━━━ Data provided
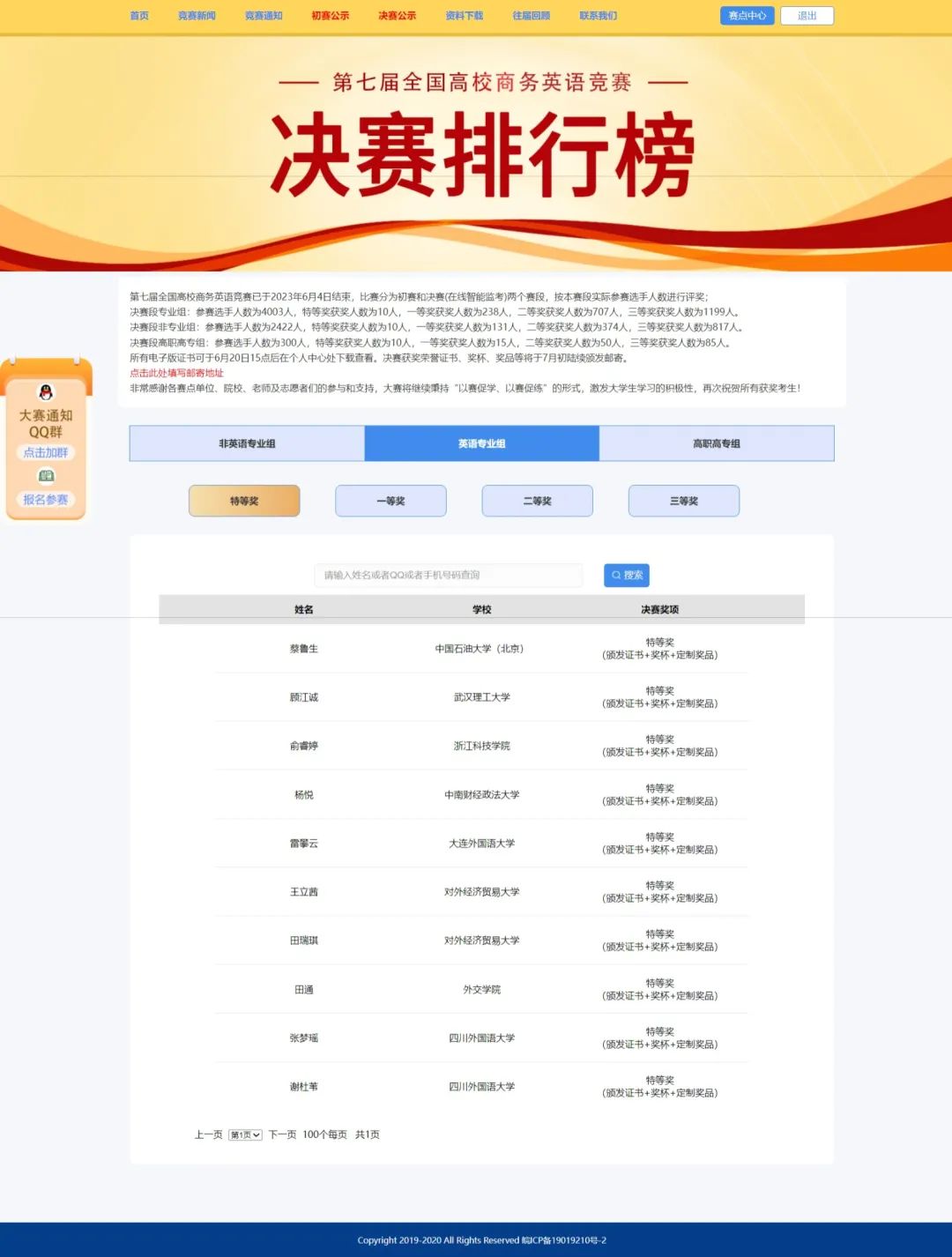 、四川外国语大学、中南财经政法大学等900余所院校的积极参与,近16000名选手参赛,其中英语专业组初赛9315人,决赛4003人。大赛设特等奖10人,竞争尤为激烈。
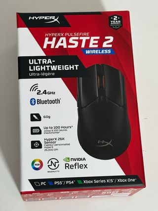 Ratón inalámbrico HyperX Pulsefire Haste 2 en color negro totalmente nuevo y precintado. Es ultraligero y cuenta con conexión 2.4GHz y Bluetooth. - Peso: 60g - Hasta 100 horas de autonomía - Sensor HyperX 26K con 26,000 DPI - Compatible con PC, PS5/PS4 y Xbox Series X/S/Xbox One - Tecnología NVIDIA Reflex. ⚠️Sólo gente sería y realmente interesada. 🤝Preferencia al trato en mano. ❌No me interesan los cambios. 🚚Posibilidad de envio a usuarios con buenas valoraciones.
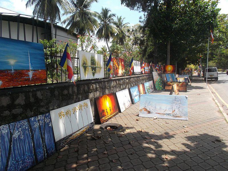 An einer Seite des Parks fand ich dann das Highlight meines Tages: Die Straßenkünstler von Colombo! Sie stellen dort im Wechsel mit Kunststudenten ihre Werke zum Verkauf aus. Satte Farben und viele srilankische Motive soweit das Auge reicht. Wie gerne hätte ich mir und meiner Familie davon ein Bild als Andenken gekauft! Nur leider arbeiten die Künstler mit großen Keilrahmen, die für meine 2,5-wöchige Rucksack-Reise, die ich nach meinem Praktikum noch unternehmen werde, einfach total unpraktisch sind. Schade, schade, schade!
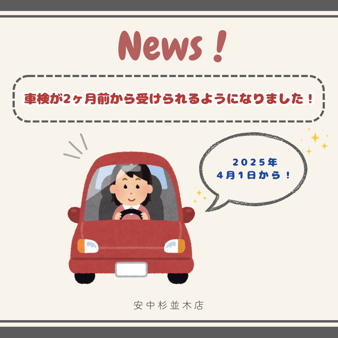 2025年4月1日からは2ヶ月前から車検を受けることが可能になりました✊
━━━━━━
# About this exercise
Copy the preceding data in full and word for word, dropping its pictures.

# Solution to this problem
 、四川外国语大学、中南财经政法大学等900余所院校的积极参与,近16000名选手参赛,其中英语专业组初赛9315人,决赛4003人。大赛设特等奖10人,竞争尤为激烈。
 Ratón inalámbrico HyperX Pulsefire Haste 2 en color negro totalmente nuevo y precintado. Es ultraligero y cuenta con conexión 2.4GHz y Bluetooth. - Peso: 60g - Hasta 100 horas de autonomía - Sensor HyperX 26K con 26,000 DPI - Compatible con PC, PS5/PS4 y Xbox Series X/S/Xbox One - Tecnología NVIDIA Reflex. ⚠️Sólo gente sería y realmente interesada. 🤝Preferencia al trato en mano. ❌No me interesan los cambios. 🚚Posibilidad de envio a usuarios con buenas valoraciones.
 An einer Seite des Parks fand ich dann das Highlight meines Tages: Die Straßenkünstler von Colombo! Sie stellen dort im Wechsel mit Kunststudenten ihre Werke zum Verkauf aus. Satte Farben und viele srilankische Motive soweit das Auge reicht. Wie gerne hätte ich mir und meiner Familie davon ein Bild als Andenken gekauft! Nur leider arbeiten die Künstler mit großen Keilrahmen, die für meine 2,5-wöchige Rucksack-Reise, die ich nach meinem Praktikum noch unternehmen werde, einfach total unpraktisch sind. Schade, schade, schade!
 2025年4月1日からは2ヶ月前から車検を受けることが可能になりました✊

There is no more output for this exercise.